- [Exercise]: Without including any images, repeat the data exactly.

━━━━━ Data in this exercise ━━━━━

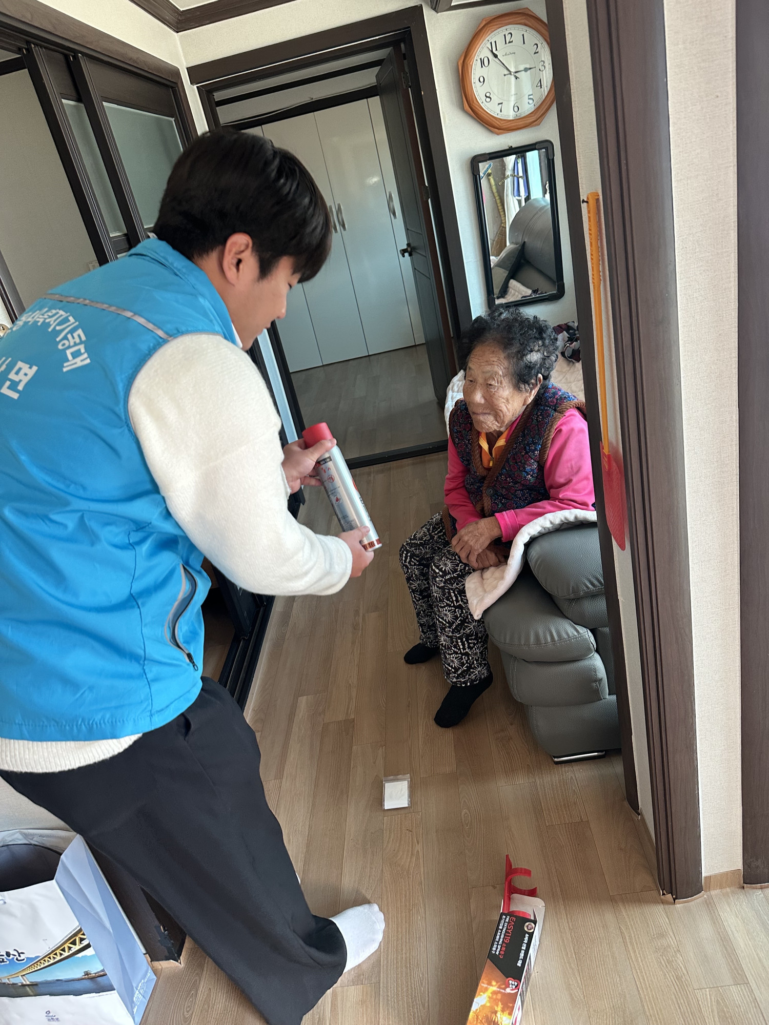 겨울철 화재예방을 위해 119생활안전순찰대와 함께 독거노인 가구에 안전꾸러미를 전달하였습니다. 연기감지기를 설치하고, 사용하기 편한 작은 사이즈의 스프레이식 소화기도 제공하고 안전사고 예방을 위해 미끄럼 방지 매트를 제공하는 등의 활동을 시행하였습니다.
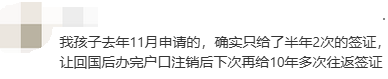 “我孩子去年11月申请的,确实只给了半年2次的签证,让回国后办完户口注销后下次再给10年多次往返签证”
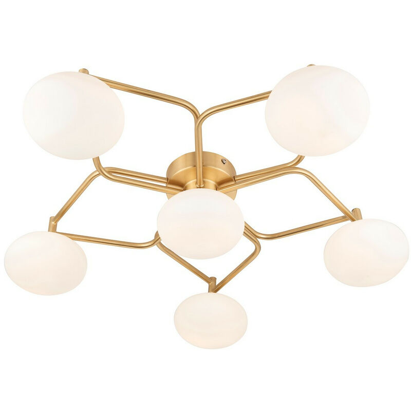 Merano Pesaro Lampada decorativa a filo soffitto, lastra in ottone satinato, vetro opalino opaco | Finitura: ottone satinato, vetro opalino opaco | Materiale: acciaio, vetro | Classificazione IP: IP20 | Proiezione: 15,5 cm | Diametro: 70 cm | Tipo di lampada: G9 | N. di lampade: 6 | Lampadina inclusa: No | Dimmerabile: Sì - Lampadina dimmerabile richiesta | Peso: 2,62 | Potenza (max): 3W LED
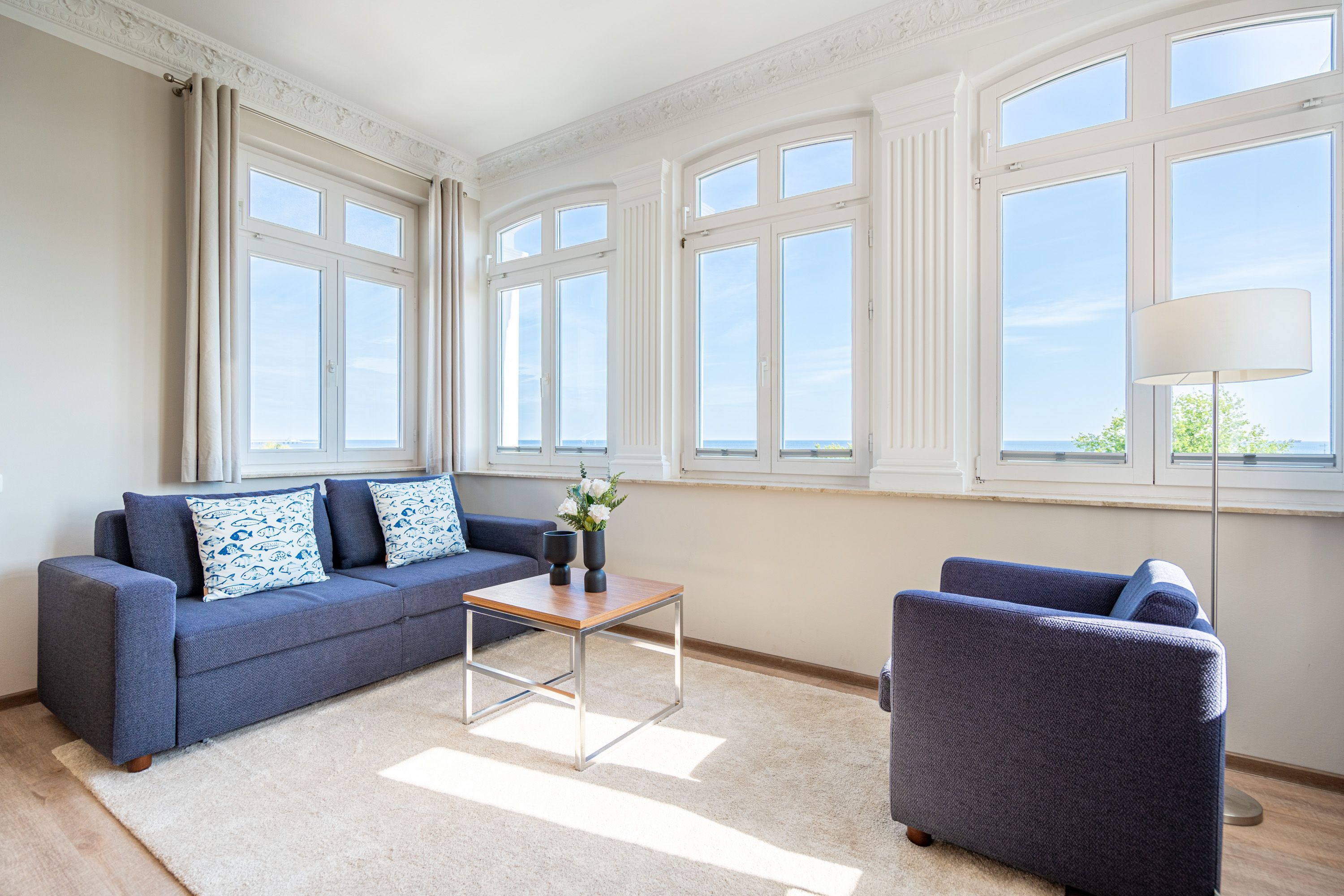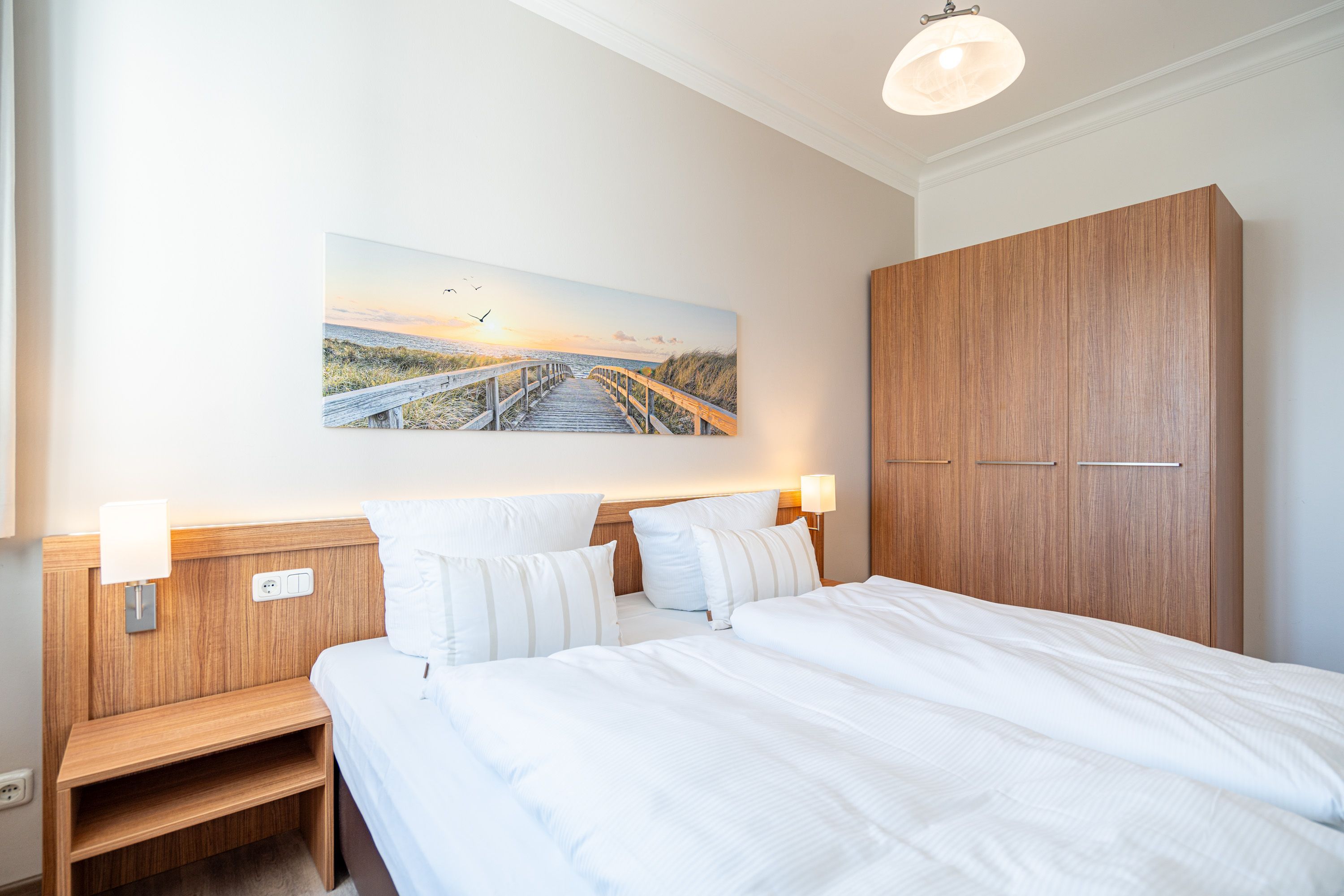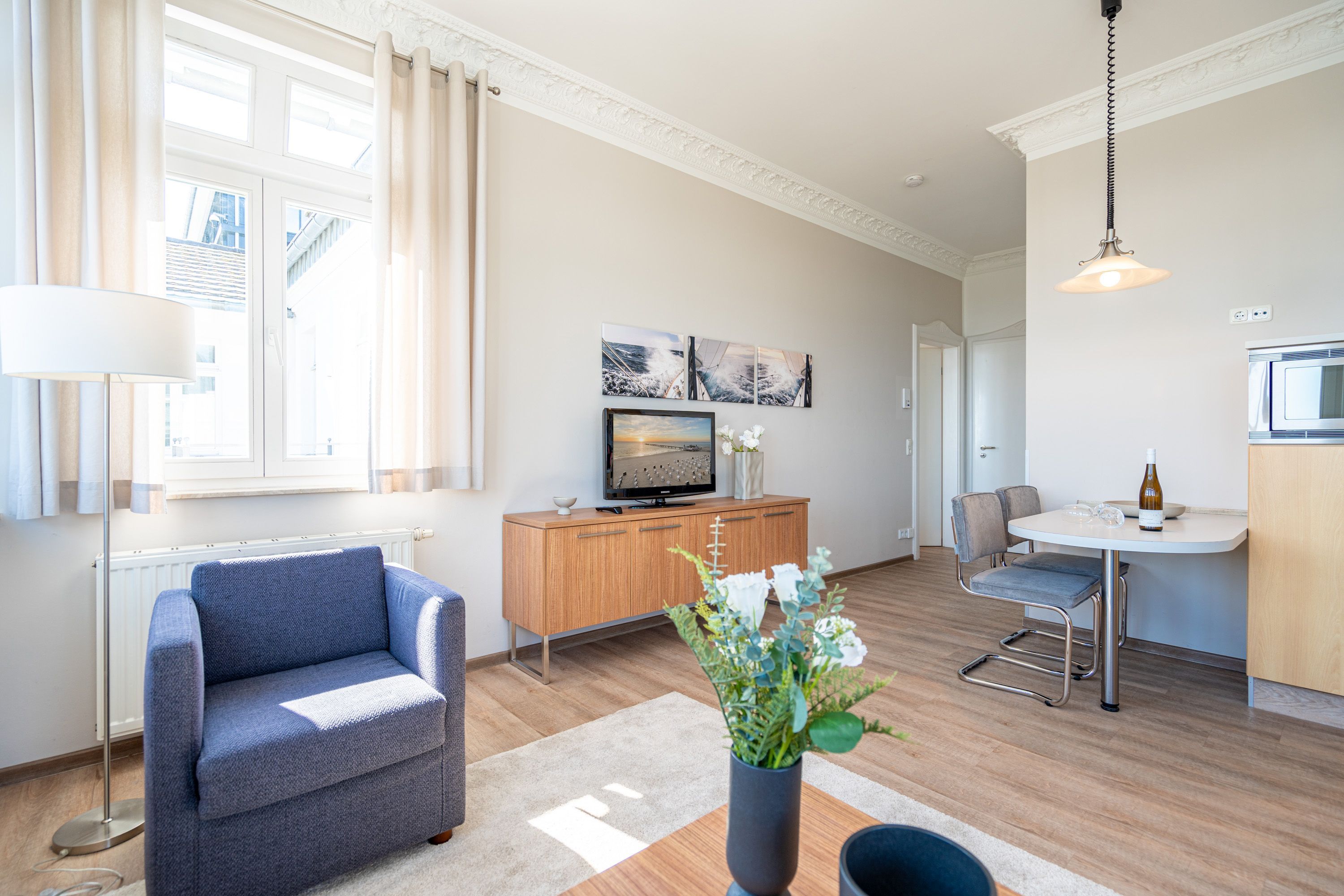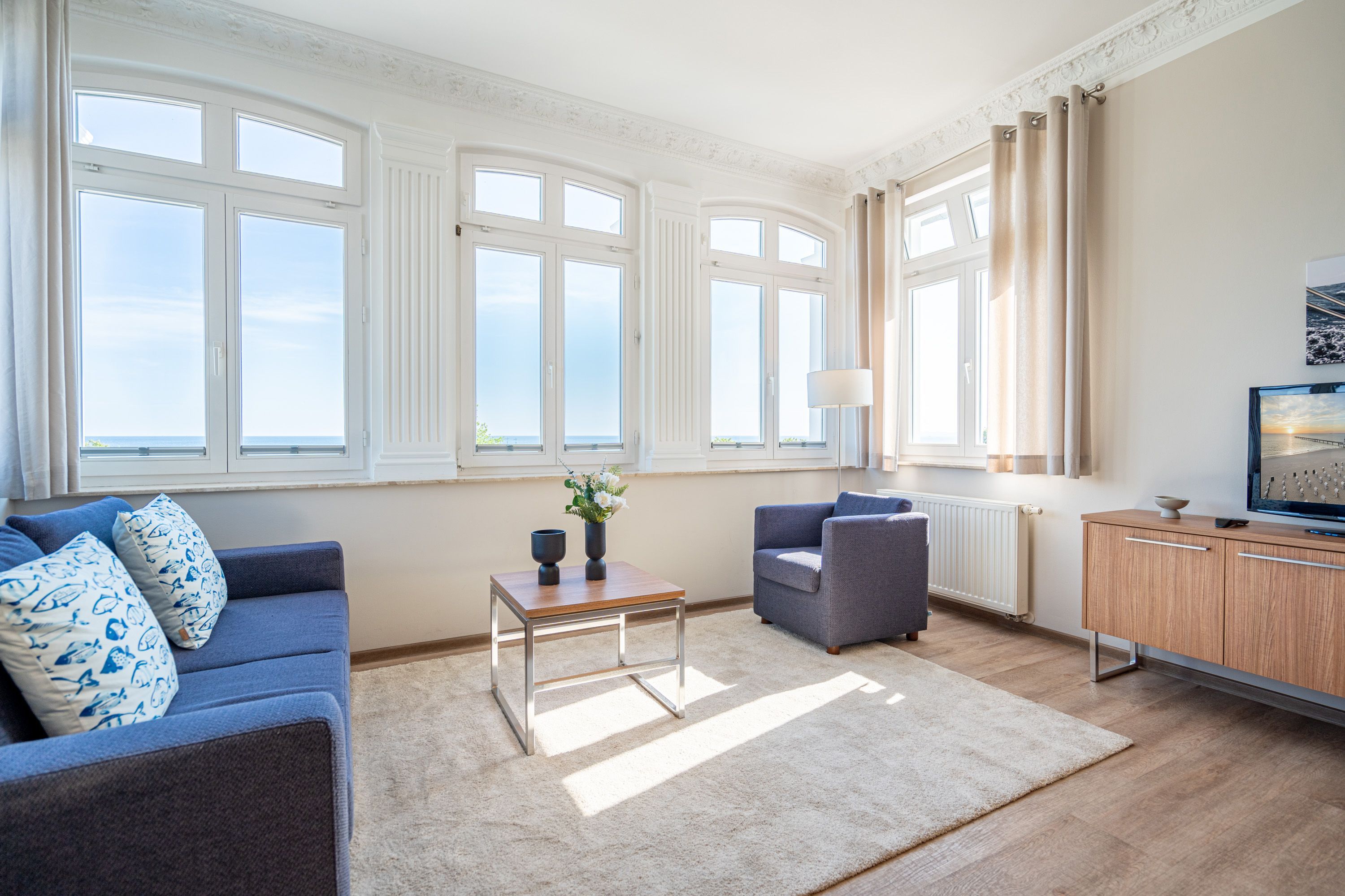 Die 2-Raum-Ferienwohnung Nr. C11 in der Villa Seedüwel bietet auf 41 qm gemütlichen Platz für zwei Personen und liegt im 2. Obergeschoss. Der offene Wohnbereich begeistert mit einem traumhaften Blick auf die Ostsee und ist mit einer Küchenzeile ausgestattet, die ein 2-Platten-Cerankochfeld, eine Mikrowelle und einen Kühlschrank mit Gefrierfach umfasst. Ein Essplatz für zwei Personen, eine Sitzgruppe und ein Flat-TV vervollständigen den Wohnbereich. Das Schlafzimmer verfügt über ein komfortables Doppelbett (1,80 m x 2,00 m) und einen Kleiderschrank. Auch von hier aus genießen Sie den Blick auf die Ostsee. Das innenliegende Bad ist mit einer Dusche und einem Waschbecken ausgestattet, und es gibt ein separates WC. Ein Stellplatz in der Tiefgarage ( Einfahrthöhe 2,03m) des benachbarten Hauses „Strandterrasse“ ist für Sie reserviert. WLAN steht Ihnen kostenfrei zur Verfügung.
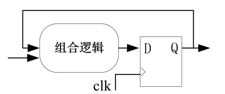 而这种带反馈的逻辑,必须要通过寄存器把输出暂存起来,再由时钟沿去控制数据的反馈更新,这样电路才有意义。
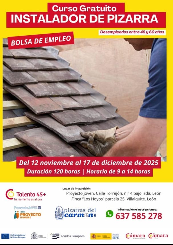 Proyecto Joven · Proyecto Hombre León en colaboración con la Cámara de Comercio y la empresa Pizarras del Carmen, pone en marcha un curso gratuito de Instalador de Pizarra dirigido a personas desempleadas de entre 45 y 60 años. Esta acción formativa se enmarca en el programa Talento 45+, que promueve la inserción laboral de personas con experiencia profesional en situación de desempleo.
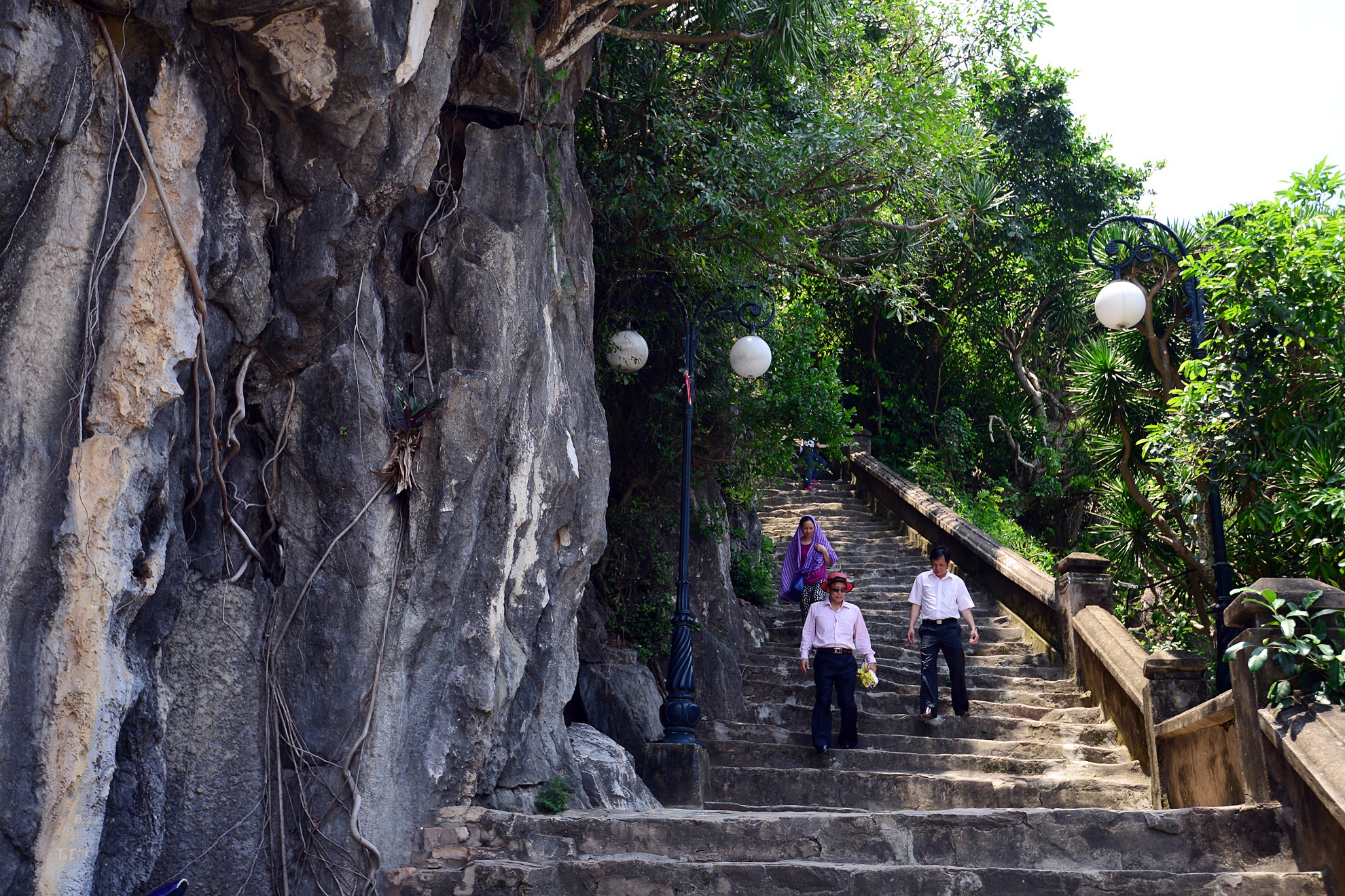 | Có hai con đường lên động và chùa ở Thủy Sơn: Cổng phía tây của núi gồm có 156 bậc tam cấp dẫn đến chùa Tam Thai, cổng phía đông gồm có 108 bậc dẫn lên chùa Linh Ứng. Đa số du khách đều lên núi theo cổng phía tây và đi xuống bằng cổng phía đông. |
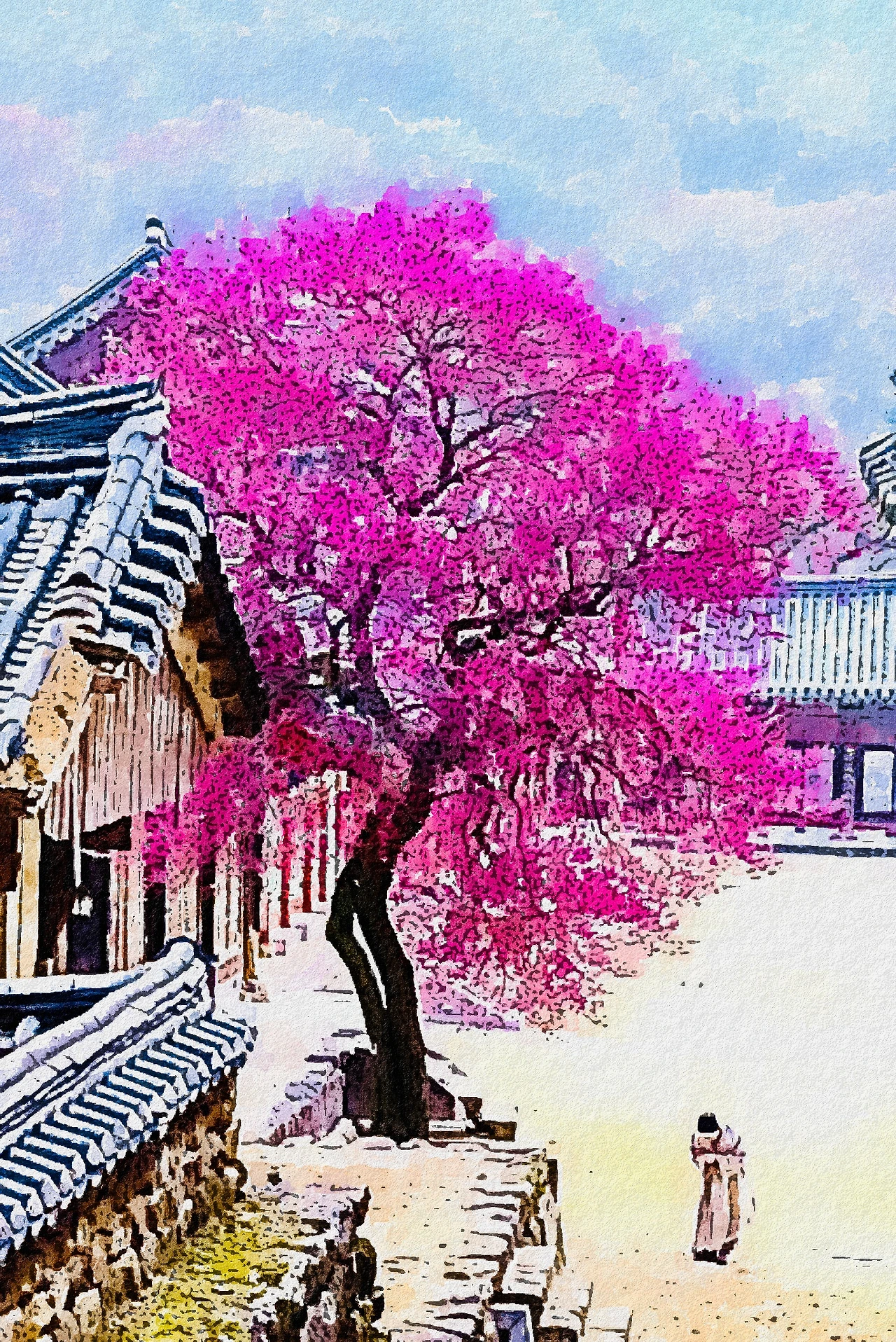 밤새 그 홍매화 꽃의 아름다움에 드리워지고 향기에 젖어서 다음날 아침이 되자

━━━━━

- [Output of the task]:
 겨울철 화재예방을 위해 119생활안전순찰대와 함께 독거노인 가구에 안전꾸러미를 전달하였습니다. 연기감지기를 설치하고, 사용하기 편한 작은 사이즈의 스프레이식 소화기도 제공하고 안전사고 예방을 위해 미끄럼 방지 매트를 제공하는 등의 활동을 시행하였습니다.
 “我孩子去年11月申请的,确实只给了半年2次的签证,让回国后办完户口注销后下次再给10年多次往返签证”
 Merano Pesaro Lampada decorativa a filo soffitto, lastra in ottone satinato, vetro opalino opaco | Finitura: ottone satinato, vetro opalino opaco | Materiale: acciaio, vetro | Classificazione IP: IP20 | Proiezione: 15,5 cm | Diametro: 70 cm | Tipo di lampada: G9 | N. di lampade: 6 | Lampadina inclusa: No | Dimmerabile: Sì - Lampadina dimmerabile richiesta | Peso: 2,62 | Potenza (max): 3W LED
 Die 2-Raum-Ferienwohnung Nr. C11 in der Villa Seedüwel bietet auf 41 qm gemütlichen Platz für zwei Personen und liegt im 2. Obergeschoss. Der offene Wohnbereich begeistert mit einem traumhaften Blick auf die Ostsee und ist mit einer Küchenzeile ausgestattet, die ein 2-Platten-Cerankochfeld, eine Mikrowelle und einen Kühlschrank mit Gefrierfach umfasst. Ein Essplatz für zwei Personen, eine Sitzgruppe und ein Flat-TV vervollständigen den Wohnbereich. Das Schlafzimmer verfügt über ein komfortables Doppelbett (1,80 m x 2,00 m) und einen Kleiderschrank. Auch von hier aus genießen Sie den Blick auf die Ostsee. Das innenliegende Bad ist mit einer Dusche und einem Waschbecken ausgestattet, und es gibt ein separates WC. Ein Stellplatz in der Tiefgarage ( Einfahrthöhe 2,03m) des benachbarten Hauses „Strandterrasse“ ist für Sie reserviert. WLAN steht Ihnen kostenfrei zur Verfügung.
 而这种带反馈的逻辑,必须要通过寄存器把输出暂存起来,再由时钟沿去控制数据的反馈更新,这样电路才有意义。
 Proyecto Joven · Proyecto Hombre León en colaboración con la Cámara de Comercio y la empresa Pizarras del Carmen, pone en marcha un curso gratuito de Instalador de Pizarra dirigido a personas desempleadas de entre 45 y 60 años. Esta acción formativa se enmarca en el programa Talento 45+, que promueve la inserción laboral de personas con experiencia profesional en situación de desempleo.
 | Có hai con đường lên động và chùa ở Thủy Sơn: Cổng phía tây của núi gồm có 156 bậc tam cấp dẫn đến chùa Tam Thai, cổng phía đông gồm có 108 bậc dẫn lên chùa Linh Ứng. Đa số du khách đều lên núi theo cổng phía tây và đi xuống bằng cổng phía đông. |
 밤새 그 홍매화 꽃의 아름다움에 드리워지고 향기에 젖어서 다음날 아침이 되자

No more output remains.